> _What the exercise asks_:
With the pictures left out, restate exactly the part below that opens with the line containing "Gioiello da Uomo" and closes with the line containing "今天,带着对主感恩的火热、虔".
Start of Records provided
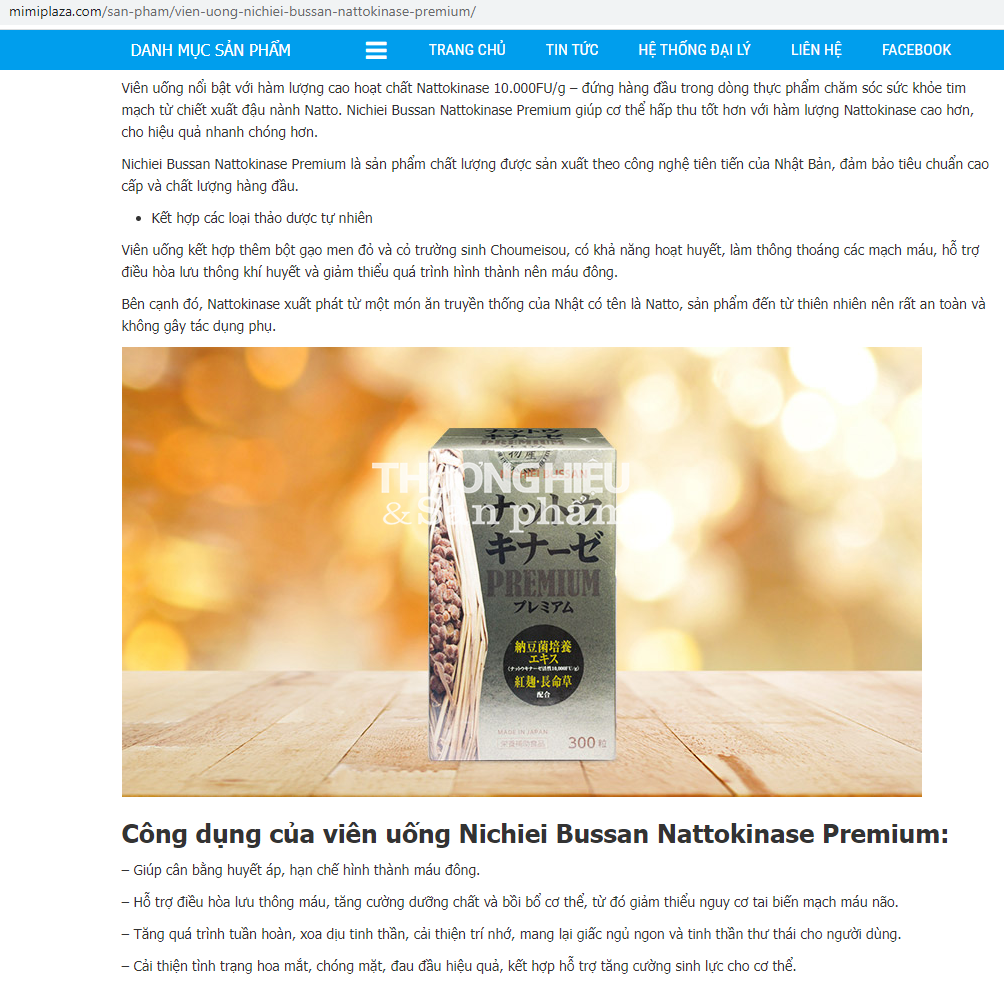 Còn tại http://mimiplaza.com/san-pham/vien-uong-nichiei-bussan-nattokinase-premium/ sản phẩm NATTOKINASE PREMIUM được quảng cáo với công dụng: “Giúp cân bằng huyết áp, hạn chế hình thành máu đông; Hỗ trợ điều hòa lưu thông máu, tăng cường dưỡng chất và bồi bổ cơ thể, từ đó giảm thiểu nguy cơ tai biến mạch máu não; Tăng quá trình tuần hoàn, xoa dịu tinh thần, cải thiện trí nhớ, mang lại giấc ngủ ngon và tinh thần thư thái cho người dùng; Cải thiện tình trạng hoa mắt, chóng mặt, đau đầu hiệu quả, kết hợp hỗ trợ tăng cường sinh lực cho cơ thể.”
End of Records provided
Start of Records provided
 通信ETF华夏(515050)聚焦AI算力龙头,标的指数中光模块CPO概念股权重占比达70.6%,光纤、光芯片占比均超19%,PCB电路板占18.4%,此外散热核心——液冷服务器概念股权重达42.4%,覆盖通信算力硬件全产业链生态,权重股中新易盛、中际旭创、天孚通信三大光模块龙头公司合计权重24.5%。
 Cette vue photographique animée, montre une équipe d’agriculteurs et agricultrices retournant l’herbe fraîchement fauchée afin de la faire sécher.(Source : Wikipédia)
End of Records provided
Start of Records provided
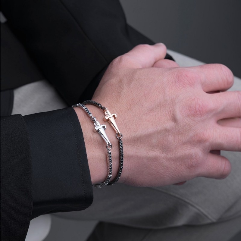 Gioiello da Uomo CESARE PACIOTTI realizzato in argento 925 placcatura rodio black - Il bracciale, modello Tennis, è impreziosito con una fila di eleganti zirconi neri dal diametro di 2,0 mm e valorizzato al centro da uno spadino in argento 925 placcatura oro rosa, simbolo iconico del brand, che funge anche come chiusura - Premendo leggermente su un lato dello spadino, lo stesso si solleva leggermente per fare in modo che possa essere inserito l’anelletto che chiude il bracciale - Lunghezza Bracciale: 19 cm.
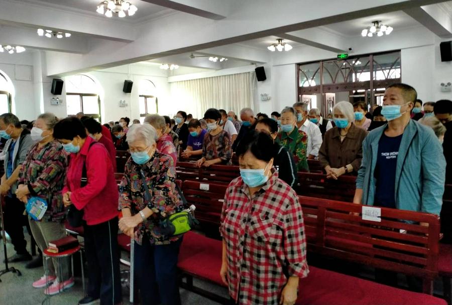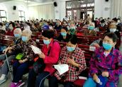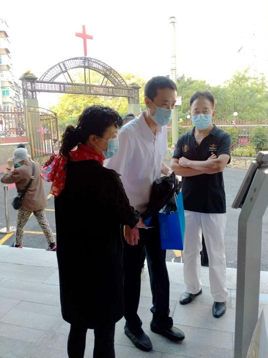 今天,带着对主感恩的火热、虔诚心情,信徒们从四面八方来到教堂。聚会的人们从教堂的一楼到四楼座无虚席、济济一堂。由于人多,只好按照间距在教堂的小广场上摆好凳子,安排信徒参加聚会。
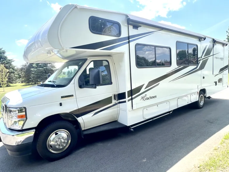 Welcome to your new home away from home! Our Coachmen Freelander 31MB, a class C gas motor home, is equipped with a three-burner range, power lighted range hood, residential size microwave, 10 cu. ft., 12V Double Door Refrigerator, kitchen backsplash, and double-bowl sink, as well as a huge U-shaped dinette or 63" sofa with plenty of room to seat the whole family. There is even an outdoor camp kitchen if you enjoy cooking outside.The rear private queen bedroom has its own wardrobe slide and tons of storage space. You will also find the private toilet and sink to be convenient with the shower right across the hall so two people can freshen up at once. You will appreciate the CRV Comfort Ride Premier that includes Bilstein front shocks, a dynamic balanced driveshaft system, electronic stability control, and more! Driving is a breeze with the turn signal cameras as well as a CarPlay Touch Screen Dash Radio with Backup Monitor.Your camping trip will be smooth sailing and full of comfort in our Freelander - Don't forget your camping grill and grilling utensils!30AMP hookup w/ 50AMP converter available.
End of Records provided
> _Output below_:
 Gioiello da Uomo CESARE PACIOTTI realizzato in argento 925 placcatura rodio black - Il bracciale, modello Tennis, è impreziosito con una fila di eleganti zirconi neri dal diametro di 2,0 mm e valorizzato al centro da uno spadino in argento 925 placcatura oro rosa, simbolo iconico del brand, che funge anche come chiusura - Premendo leggermente su un lato dello spadino, lo stesso si solleva leggermente per fare in modo che possa essere inserito l’anelletto che chiude il bracciale - Lunghezza Bracciale: 19 cm.
 今天,带着对主感恩的火热、虔诚心情,信徒们从四面八方来到教堂。聚会的人们从教堂的一楼到四楼座无虚席、济济一堂。由于人多,只好按照间距在教堂的小广场上摆好凳子,安排信徒参加聚会。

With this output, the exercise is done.